Hollier v Rambler Motors (AMC) Ltd – Case Summary

Hollier v Rambler Motors (AMC) Ltd

Court of Appeal

Citations: [1972] 2 QB 71; [1972] 2 WLR 401; [1972] 1 All ER 399; [1972] RTR 190; (1972) 116 SJ 158; [1972] CLY 470.


The defendant, a garage, had repaired the claimant’s car on four prior occasions over five years. The claimant signed a document on at least two of those occasions. The document was an invoice, which stated at the bottom that the defendant was not liable for damage to cars caused by fire on the premises.

The claimant took their car to be repaired. They made an oral contract with the defendant. They did not sign any documents. The car was damaged by a negligently-lit fire while on the defendant’s premises.

When the claimant sued the defendant for breach of contract, the defendant relied on the exclusion clause in the invoice document. The claimant denied that this clause was incorporated into the most recent contract.

  1. Could the defendant rely on the exclusion clause?

The Court of Appeal held in favour of the claimant. For the clause to be incorporated into the present contract, there would need to be a consistent course of past dealing including that clause. The parties had only dealt with each other four times before over the course of several years. There was insufficient evidence that the terms of those contracts had been consistent.

The court also held that if the clause had been incorporated into the present contract, it could not be construed as excluding liability for negligence.
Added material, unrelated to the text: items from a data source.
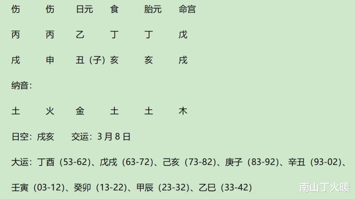 丙伤生戊财、己偏财;大运亥会子,3亥暗冲1巳,巳合申;流年午合命宫戌,小限寅与年支戌拱午。
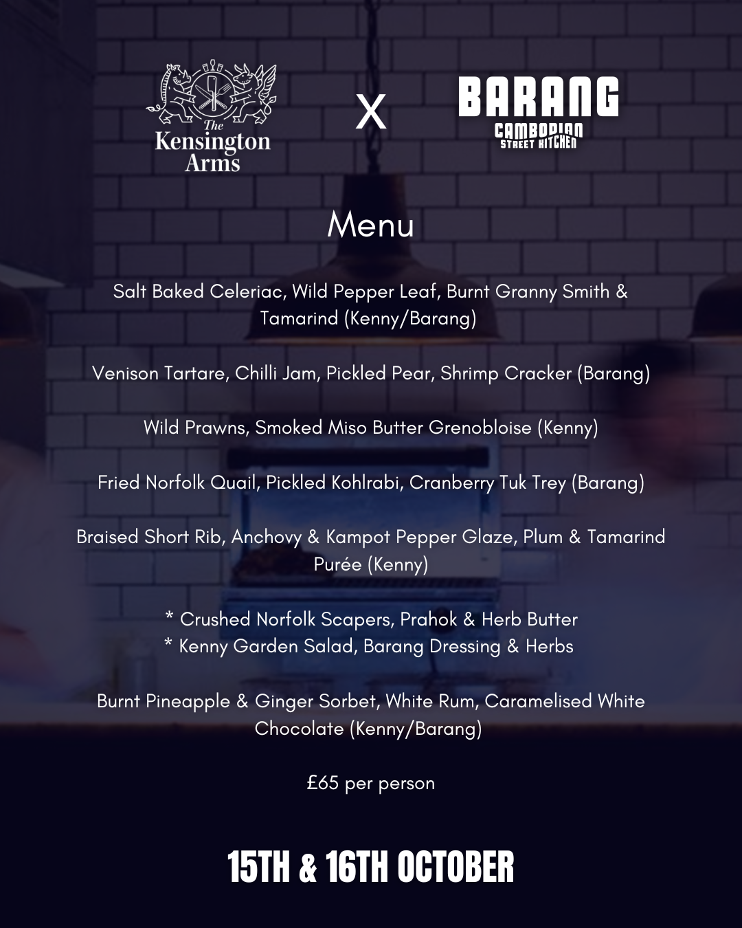 Tom Geoffrey, the founder of Barang, who focuses on Cambodian BBQ and regional Khmer dishes is teaming up with The Kensington Arms’ head chef Oscar Davis to present a, two night, exclusive six course set menu.
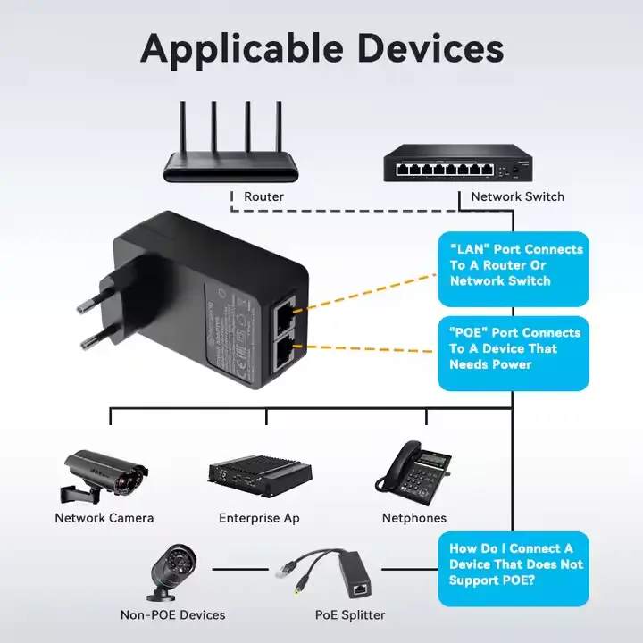 12W POE Adapter Interchangeable Plug POE Injector ကို ကွန်ရက်အမျိုးမျိုးနှင့် လုံခြုံရေးပတ်ဝန်းကျင်များတွင် တွင်ကျယ်စွာအသုံးပြုသည်-
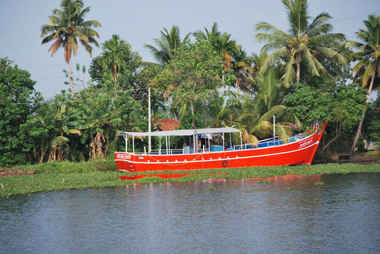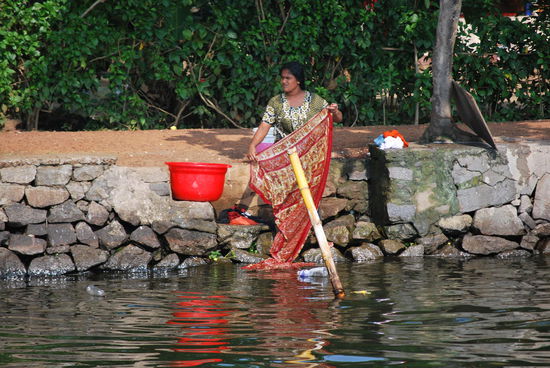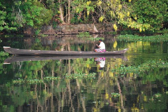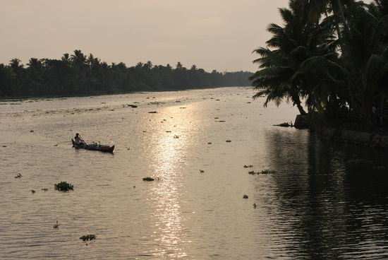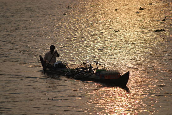 Kennt Ihr das Buch "Der Gott der kleinen Dinge" von Arundhati Roy ??? Wenn nicht: Lesen ! Dieses Buch ist der Kerala-Roman schlechthin. Ich befinde mich jetzt auf meiner persönlichen "black pearl", habe meine Klamotten in meine Koje geschmissen, meine Kamera herausgepult und mich mit leatherman bewaffnet auf´s Oberdeck gefläzt, um nun in aller Ruhe einen Apfel zu schälen und das Teil in winzigste Stückchen zu zerlegen,um es langsam meinem gebeutelten Magen zuzuführen. Wie gesagt: Geraspelter Apfel ist normalerweise meine Zauberwaffe gegen Durchfall, aber hier kann ich nicht maschinell raspeln, sondern muss mit dem Taschenmesser kunstvoll schnitzen. Ich frage den Matrosen nach Cola - mein zweites Rezept gegen Durchfall - aber er sagt, es gäbe an Bord nur Wasser. Cola etc. müsste ich unterwegs kaufen. Egal.
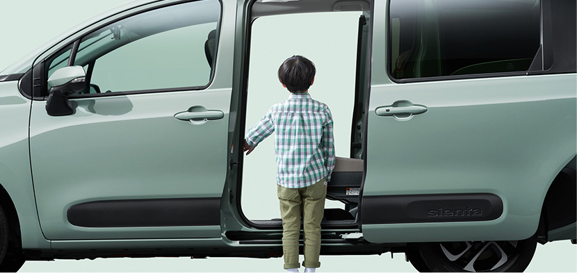 また2列目への乗り込み口は地上高330mmと非常に低く、センターピラーの「乗降用リヤアシストグリップ」は下側部分に指がかかりやすい形状となっているため、お子さんや年配の方でも容易に、安全に、乗降ができるつくりになっています。

Either way, the defendant was liable to the claimant.

This Case is Authority For…

A consistent course of dealing will incorporate terms into future contracts if the claimant’s behaviour ‘would have convinced any ordinary seller that the buyer was agreeing to the terms in question’ in future contracts. It is not necessary for the claimant to actually be aware of the content of the terms. However, the claimant’s knowledge of the terms is a relevant factor.

For a clause to exclude liability for negligence, it ‘should make its meaning plain on its face to any ordinarily literate and sensible person.’ This may require express language, but not necessarily. The meaning is more likely to be clear if the ordinary person in the claimant’s position would think that the only liability the defendant might be liable for under the contract is negligence.


This case indicates that a greater degree of consistency and past dealings is required where one party to the contract is a consumer.